When considering the appropriate format for board discussions of strategy, the lesson from our recent evaluations is that, wherever possible, this is better done in-person than online. This allows the board to have more in depth discussions and it is easier to have the sort of free-flowing conversation that enables board members to provide constructive challenge and to make the links between different aspects of the strategy.
It is entirely understandable that the pandemic made many boards become more short-term in their focus, something that may continue given its impact on global economic and trading conditions which are now also being affected by the war in Ukraine.
At exactly the same time, though, boards are under pressure to adopt a much longer-term focus on the company’s ability to generate sustainable value. As we reported in last month’s newsletter, pressure from regulators, investors and stakeholders to put environmental and human rights considerations at the heart of the company’s strategy and risk management is only going to increase further.
It is clear from our evaluations that boards are at different stages of that journey and that some are better prepared than others to grapple with how to adapt to a new environment and identify what these changes mean for legacy businesses.
In response, Nestor Advisors together with the sustainability team of its parent company Morrow Sodali, has strengthened its services to help boards address the governance of sustainability, including ESG board readiness assessments and training.
COMPOSITION AND SUCCESSION
One aspect of board effectiveness that has been directly affected by both the short-term pressures of the pandemic and current volatility and the longer-term sustainability challenges is board composition and succession planning.
Many boards are currently reviewing whether they have the skills and expertise that will enable them to address these future challenges, and in some cases they are concluding that they do not.

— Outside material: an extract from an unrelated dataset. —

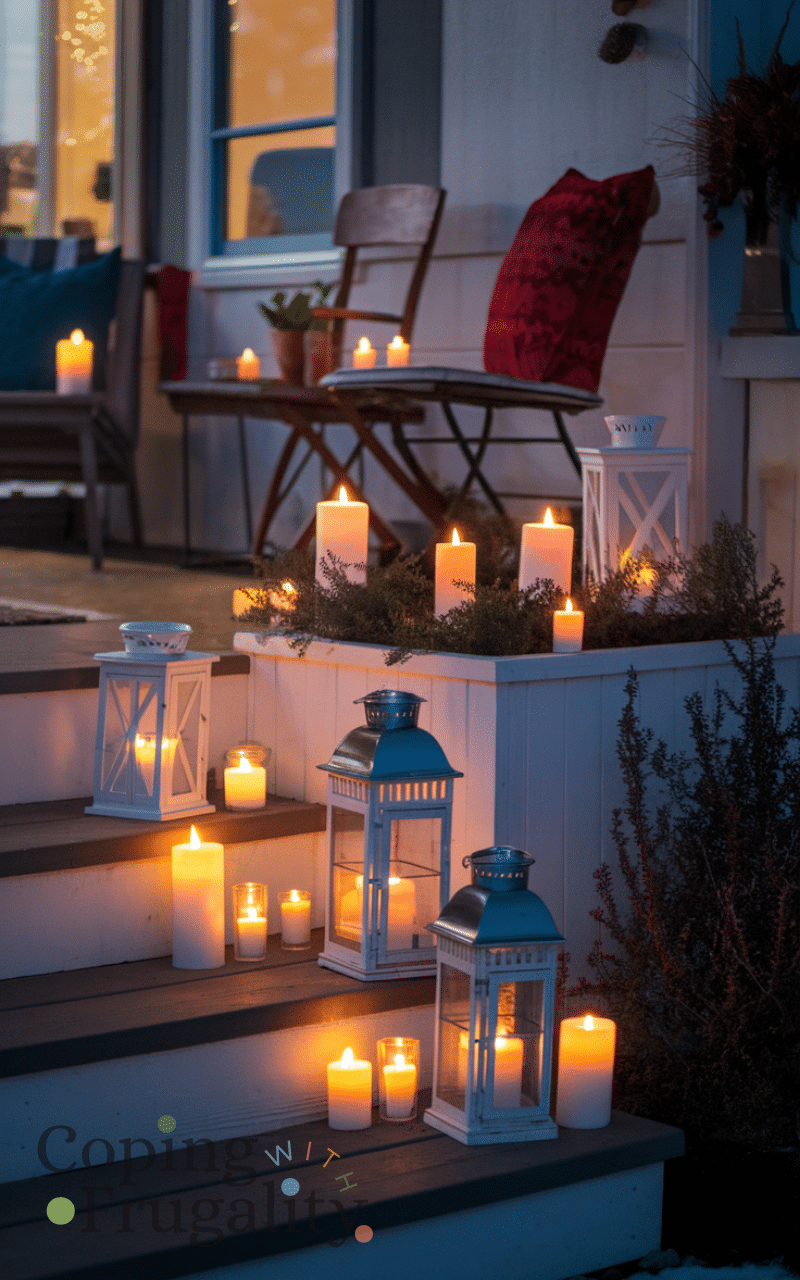 Lanterns and candles add an enchanting glow to your winter porch. You can use battery-operated candles for safety and long-lasting light. Arrange them on steps, tables, or alongside planters to create a magical, cozy ambiance. Lanterns are a budget-friendly way to introduce warmth and charm while keeping your porch stylish during the darker winter evenings. Incorporating this into your easy front porch makeover ideas for winter on a budget is a simple yet impactful update that makes your space feel inviting and serene.

It seems that the ability to help the board understand and address the changing business environment will become a more important criterion when selecting non-executive directors in the future.

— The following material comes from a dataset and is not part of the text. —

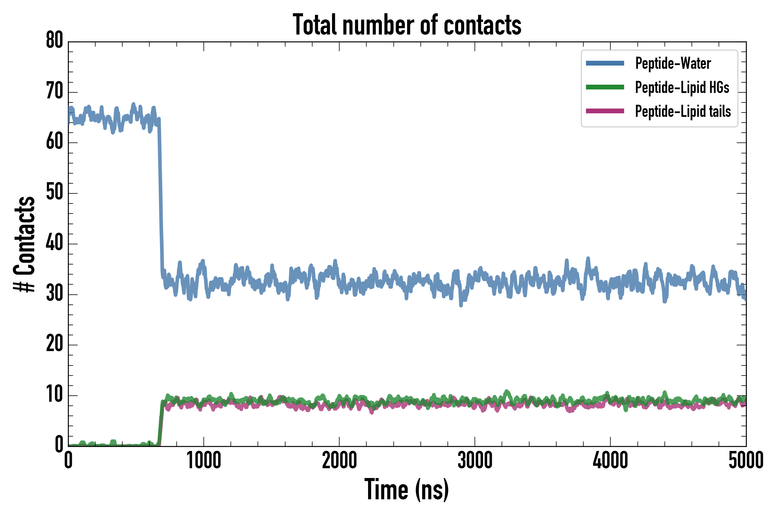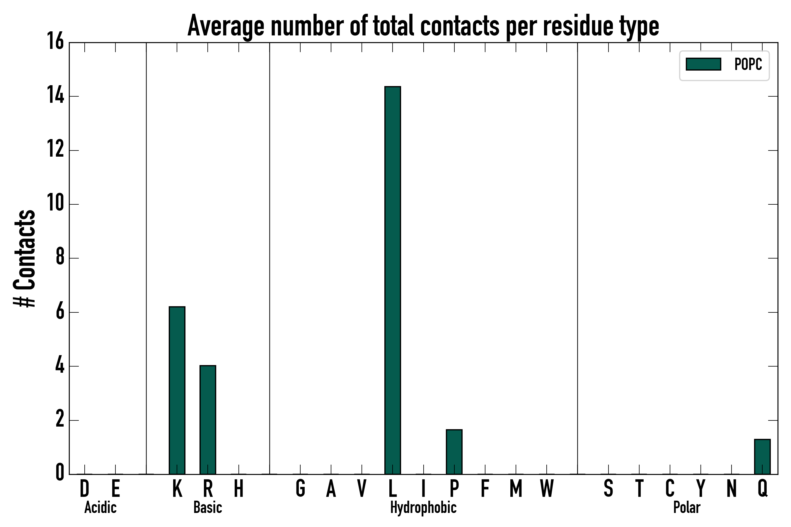 Number of contacts between each residue of the peptide backbone and the different lipid types, averaged over the last microsecond and using a cut-off of 0.6 nm.

Prompted by experience during the pandemic, another more prominent – and more basic – selection criterion is availability. Even the best qualified candidate will struggle to make an effective contribution if they are unable to participate fully in the work of the board. This is true in all cases but particularly important at times of stress when greater time commitment might be needed from all board members.
For many boards, the pandemic has also shone a light on the effectiveness of their current executive directors and senior management. Boards have had the chance to observe which ones were able to provide leadership, inspire confidence and rise to meet new challenges while under tremendous pressure - and which were not.

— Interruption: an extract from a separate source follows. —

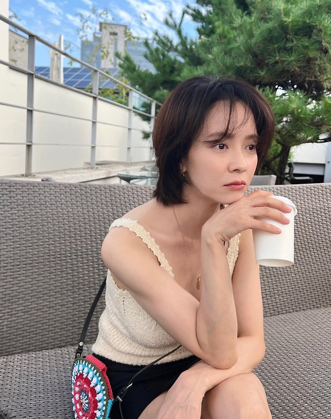 네번째 사진에서 송지효는 크림빛의 니트 슬리브리스와 미니멀한 블랙스커트를 입고 한 손에 커피를 들고 있습니다. 컬러풀한 크로셰 미니백이 심플한 룩에 발랄함을 더하고, 세련된 단발헤어스타일에 노메이크업 분위기가 꾸밈 없이도 분위기를 연출한다.

Having been through that experience, boards have drawn conclusions about the personal qualities and behaviors that they look for in their leadership team. These seem likely to be even more important considerations when selecting future leaders, and some boards will be adjusting both their short- and long-term succession plans as a result. Some boards have also concluded that they need to obtain greater visibility of senior management below CEO and executive committee in order to assess the strength of the pipeline.
While the most direct impacts of the pandemic may now be starting to recede, difficult global conditions mean that boards do not yet have the luxury of not having to worry about the company’s short-term survival. At the same time boards are being pressed to address its long-term sustainability.
These pressures mean that boards are being tested to the limit. Factor in the pace of change in the external environment that we are currently experiencing and it is clear that boards need to keep their effectiveness under regular review if they are to remain on top of their brief and provide the leadership their companies need.